[About this task]:
Drop the pictures and repeat exactly from the "- Une chambre" line down to the last line of the entries below.

Records from a collection
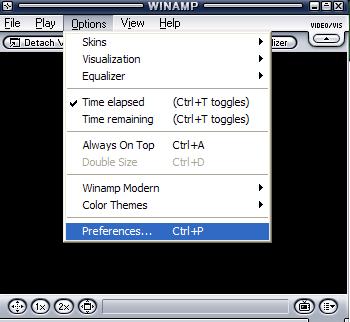 افتح برنامج Winamp و من قايمة Options اختار Preferences ---- ممكن تضغط كنترول+P للاختصار
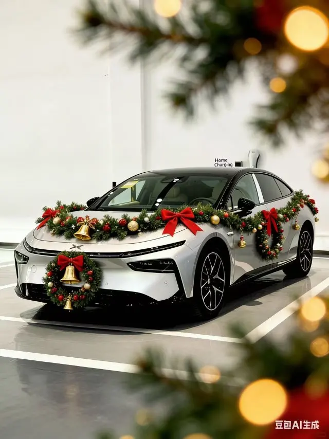 嘿嘿,diy一下才发现,小鹏的车很适合圣诞节氛围装扮啊,银色的车身很有科技感,和圣诞节的红色十分的契合,既温暖又满满的未来感,不错不错
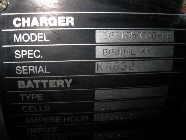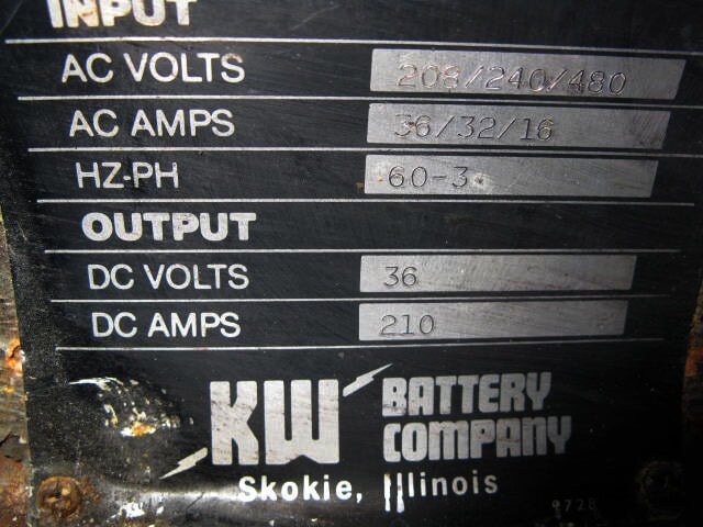 Lifeguard 36 Volt Battery Charger. Mfg: KW Battery Company. Model 18-1050F3B-22. Type: LA, cells: 18, ampere hour: 876-1050. (Input) AC volts: 208/240/480, AC amps: 36/32/16, 60 Hz, 3 phase. (Output) DC volts: 36, DC amps 210. Unit features independent lights for varied battery and charger status and a toggle button to interrupt battery charging as desired.(H10).
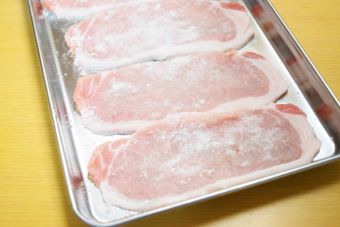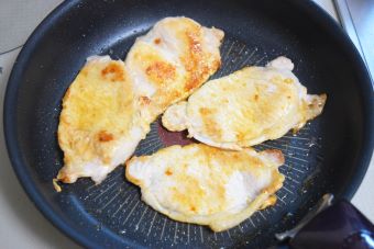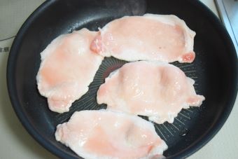 フライパンに油をひき、①の豚肉を中火で焼きます。
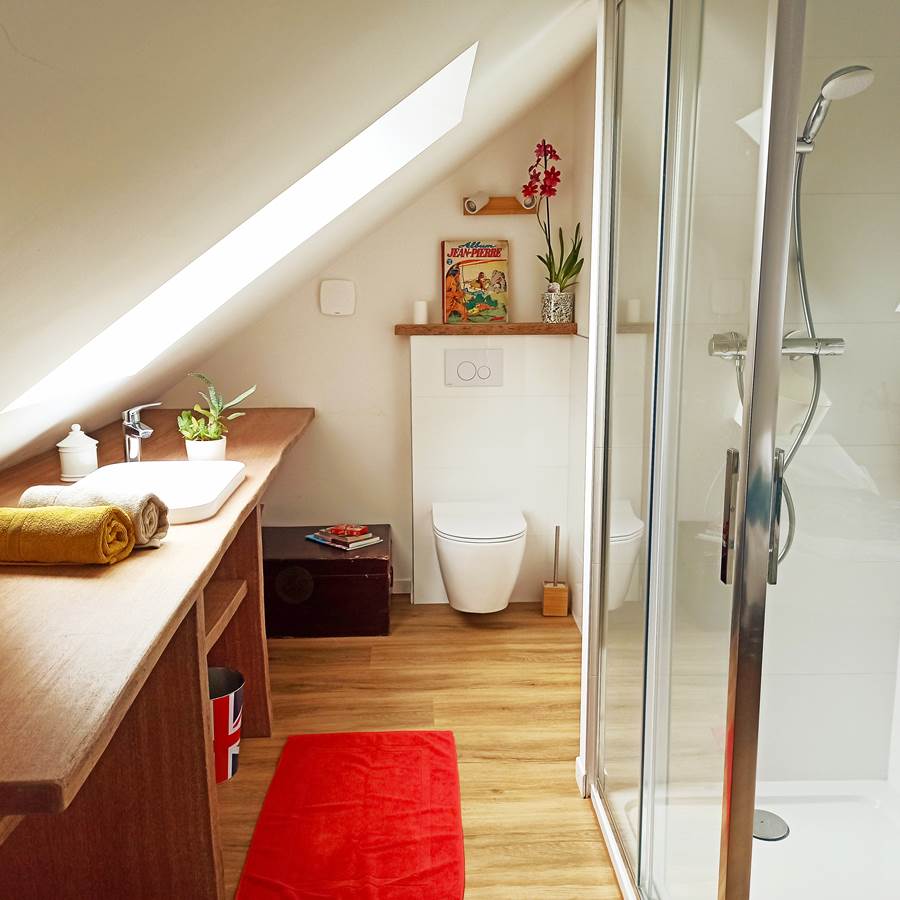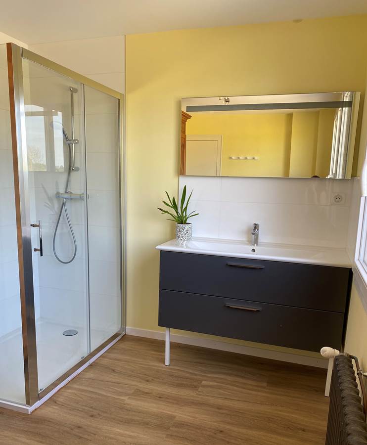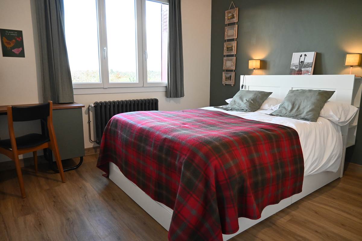 - Une chambre avec un lit double de 140 x 200 avec salle de bain et WC privatifs. Cette chambre est accessible aux personnes en situation de handicap (fauteuil roulant), mais non PMR.
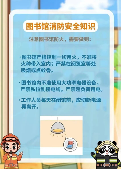 图书馆是新生自习查资料的高频地,书籍密集、环境安静,请务必提前掌握消防规则:
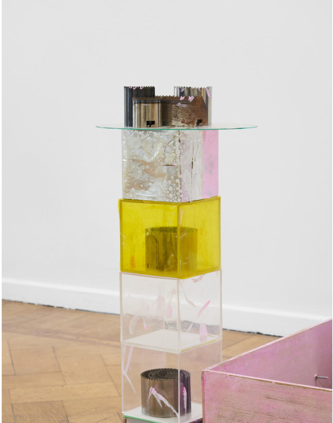 Justin Cloud. Bisou. Steel, suede, and ornamental glass.

[Reply]:
 - Une chambre avec un lit double de 140 x 200 avec salle de bain et WC privatifs. Cette chambre est accessible aux personnes en situation de handicap (fauteuil roulant), mais non PMR.
 图书馆是新生自习查资料的高频地,书籍密集、环境安静,请务必提前掌握消防规则:
 Justin Cloud. Bisou. Steel, suede, and ornamental glass.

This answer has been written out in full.